Die Aufhebungsbeklagte hat die Kosten des Aufhebungsverfahrens zu tragen.
Das Urteil ist vorläufig vollstreckbar. Die Aufhebungsbeklagte kann die Vollstreckung durch Sicherheitsleistung in Höhe von 110 % des zu vollstreckenden Betrages abwenden, wenn nicht der Aufhebungskläger vor der Sicherheit in Höhe von 110 % des jeweils zu vollstreckenden Betrages leistet.
Der Streitwert wird auf bis zu 35.000,- Euro festgesetzt.
Tatbestand
Die Parteien streiten um die Aufhebung eines vom Landgericht Frankfurt am Main in zweiter Instanz durch ein Urteil angeordneten Arrest. Der Aufhebungskläger meint, die Vollziehungsfrist sei nicht gewahrt.
Durch Urteil des Landgerichts Frankfurt am Main vom 15.01.2016 (2-15 S 71/15 (Anlage 1) wurde in Abänderung des Beschlusses des Amtsgerichts Frankfurt am Main vom 03.06.2015 (29 C 2824/13) wegen einer Forderung des Arrestklägers in Höhe von 33.275 Euro nebst Zinsen gegen den Aufhebungskläger der dingliche Arrest in das bewegliche und unbewegliche Vermögen angeordnet. Das Urteil wurde am 12.02.2016 dem Aufhebungskläger zugestellt. Mit Schreiben vom 15.02.2016 wurde durch den Aufhebungsbeklagten der Erlass eines Pfändungsbeschlusses beim Amtsgericht Frankfurt am Main beantragt (Bl. 64 ff. d.A.).

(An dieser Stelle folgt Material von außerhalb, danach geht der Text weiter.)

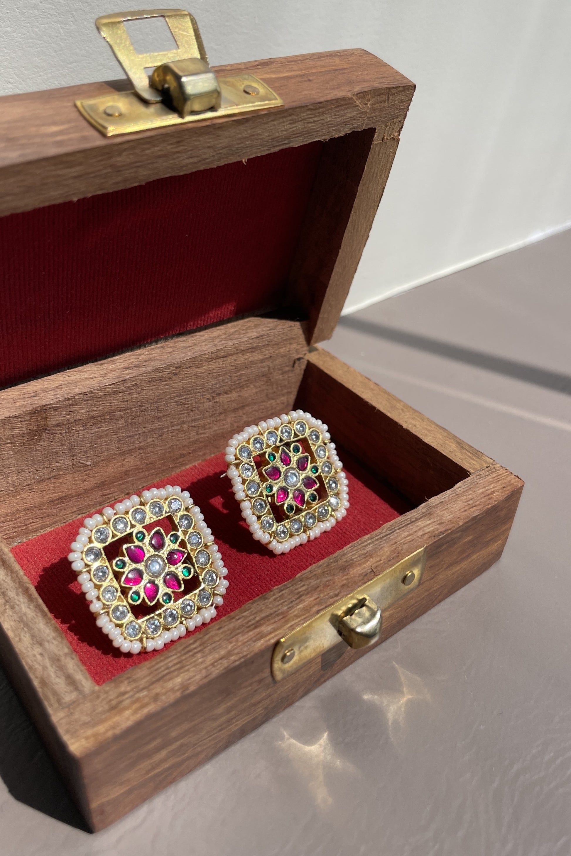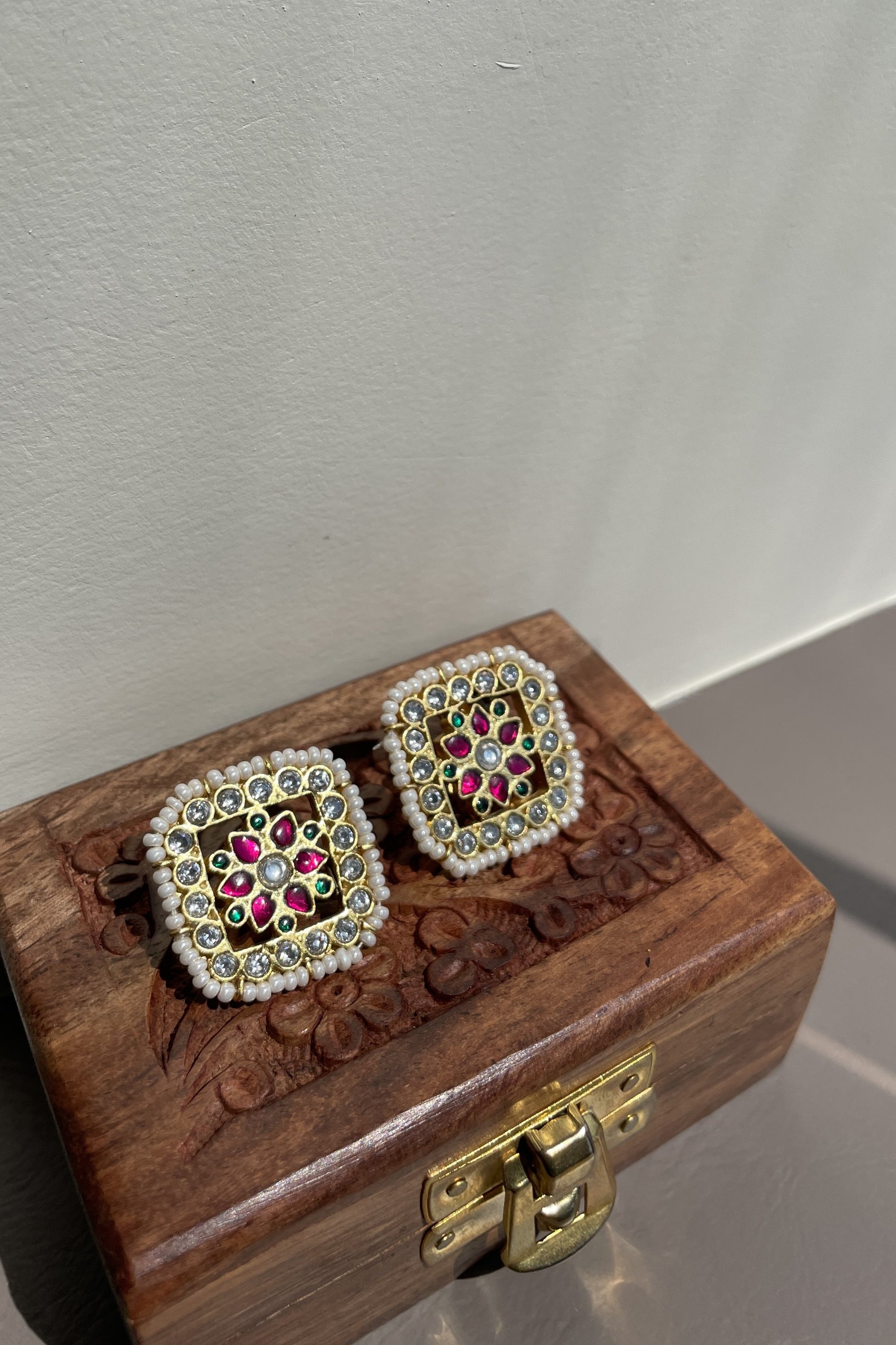 Introducing our Aayat Earstuds, crafted in 925 silver, adorned with a regal array of multicolored Jadau stones in a square shape. Accentuated by a delicate border of seed pearls, these earstuds eloquently embody Indian culture.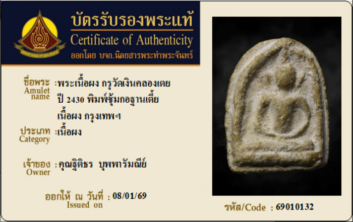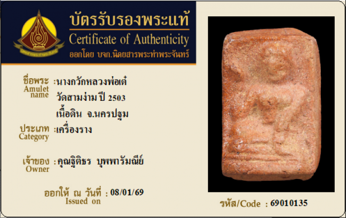 ค้นหาใบการันตีพระแท้
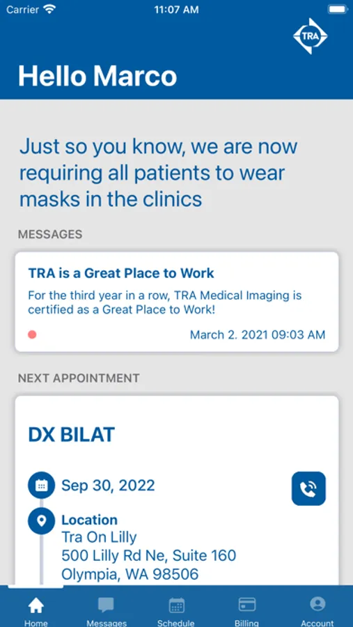 The TRA Medical Imaging app makes scheduling your imaging appointments quick and easy. Using the app, you can make your appointments, fill out any necessary forms or documents, and even check-in to your appointment using your mobile device, rather than waiting in the waiting room.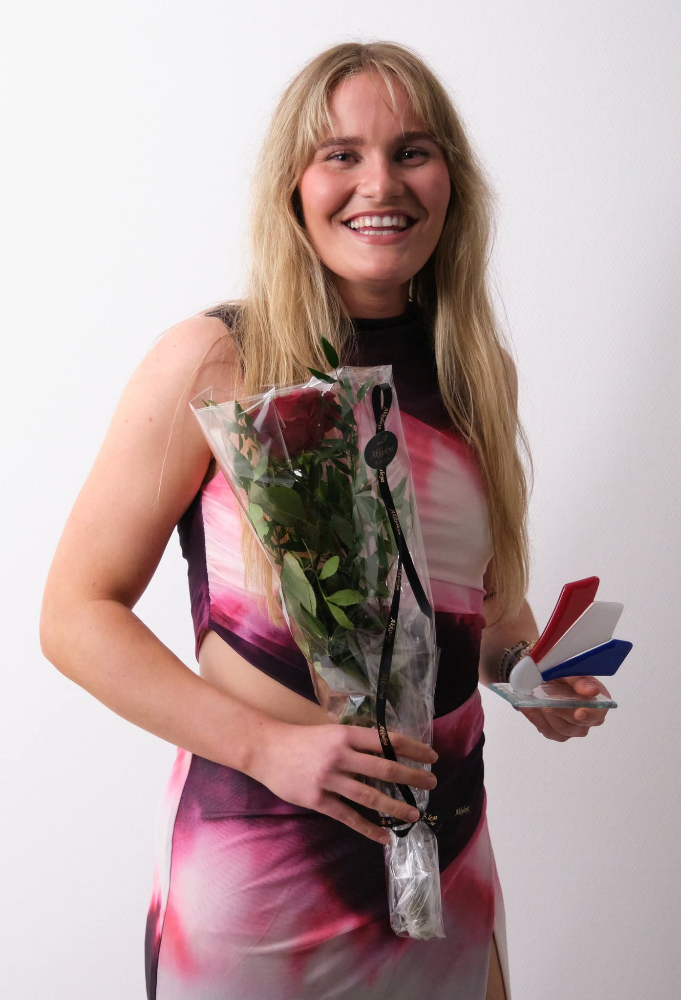Heiðraðu leikararnir fingu rósur og serstakt minnissteyp handa frá landsliðsvenjaranum.

Der Pfändungsbeschluss wurde sodann nicht erlassen, sondern der Aufhebungsbeklagte hat zugestimmt, dass der Pfändungsbeschluss zurückgestellt wird (Anlage 4 zur Klageschrift im Bl. 64 dA), dies ist sodann geschehen (Bl. 59 dA).

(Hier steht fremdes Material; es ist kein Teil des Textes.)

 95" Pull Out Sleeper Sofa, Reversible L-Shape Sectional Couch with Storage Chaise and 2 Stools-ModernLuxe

Der Aufhebungskläger ist der Ansicht, dass die Vollziehungsfrist nicht gewahrt sei und daher der Arrest aufzuheben sei.
Er beantragt,
Der vom Landgericht Frankfurt am Main am 15.01.2016 zum Aktenzeichen 2-15 S 71/15 angeordnete und verkündete Urteilsarrest wird aufgehoben.
Die Aufhebungsbeklagte hat die gerichtlichen und außergerichtlichen Kosten des Arrestanordnungsverfahrens vor dem Amtsgericht Frankfurt am Main (29 C 2824/13) und das Berufungsverfahren vor dem Landgericht Frankfurt am Main (2-15 S 71/15) zu tragen.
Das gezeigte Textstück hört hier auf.